Benoît Chemali | 28/10/2008


« Bene diagnoscitur, bene curatur » nous disent les latins : c'est-à-dire, « Bien diagnostiquer, c'est bien soigner ». Si ce que nous laisse la sagesse latine est crédible et audible, il faudrait surtout ne pas omettre de s'interroger sur celui qui pose le diagnostic.

A Bouna, en face d'une population dont la naïveté a été exploitée par une doctrine obscurantiste à vocation pouvoiriste, le premier de nos ministres a tenu un discours inutile sur un fait utile : la pertinence d'une visite d'état !

Une visite d'état, aux pieds de l'analyse, renverrait à une sorte de délocalisation momentanée et circonstanciée de l'exécutif dans une localité qui n'est pas celle où il réside traditionnelle : c'est une mission de travail du chef de l'état et de tout son gouvernement.

Mais à combien de visites d'état a-t-on assisté depuis 1959 jusqu'à 2008 ? Qu'est-ce qui servait de motivation à l'effectivité de ces visites ?

Les ivoiriens auront compris que les visites d'état ne sont pas de trop, mieux l'état devrait les motiver. Cependant, un discours de légitimation d'une visite d'état au moment de ladite visite laisse transparaitre deux options : soit, celui qui s'investit dans le rôle de légitimation n'avait rien à dire au moment où l'on le conviait au pupitre et dans ce cas, il serait de trop dans le staff qui accompagne le Président ; soit il a décidé de se moquer carrément au contribuable ivoirien aux efforts de qui s'effectuent ces visites.
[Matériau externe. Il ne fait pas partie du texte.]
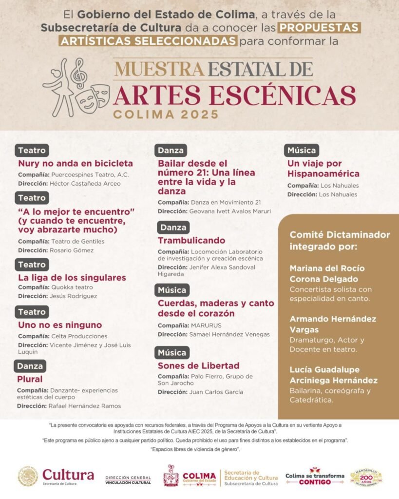 La Subsecretaría de Cultura del Gobierno del Estado de Colima, en coordinación con la Secretaría de Cultura del Gobierno de México, a través de su programa de Apoyo a Instituciones Estatales de Cultura, han publicado los resultados de la convocatoria para la Muestra Estatal de Artes Escénicas Colima 2025, que premiará con estímulos de 25 mil pesos a diez compañías y agrupaciones locales dedicadas a la creación musical, teatral y dancística.

SORO instruit les ivoiriens sur l'importance d'une visite d'état comme s'il en était l'inventeur croyant pouvoir dissoudre toutes les souffrances qu'il a du infliger à nos parents des zones CNO.
Et comme pour montrer qu'il n'en était pas satisfait, ses hommes ont refait le portrait aux fonctionnaires et agents de l'état redéployés sur le terrain pour avoir revendiqué leur droit à l'expression : O tempora, o mores !, autres temps, autres mœurs. ça doit être difficile le métier de Premier Ministre. Shalom !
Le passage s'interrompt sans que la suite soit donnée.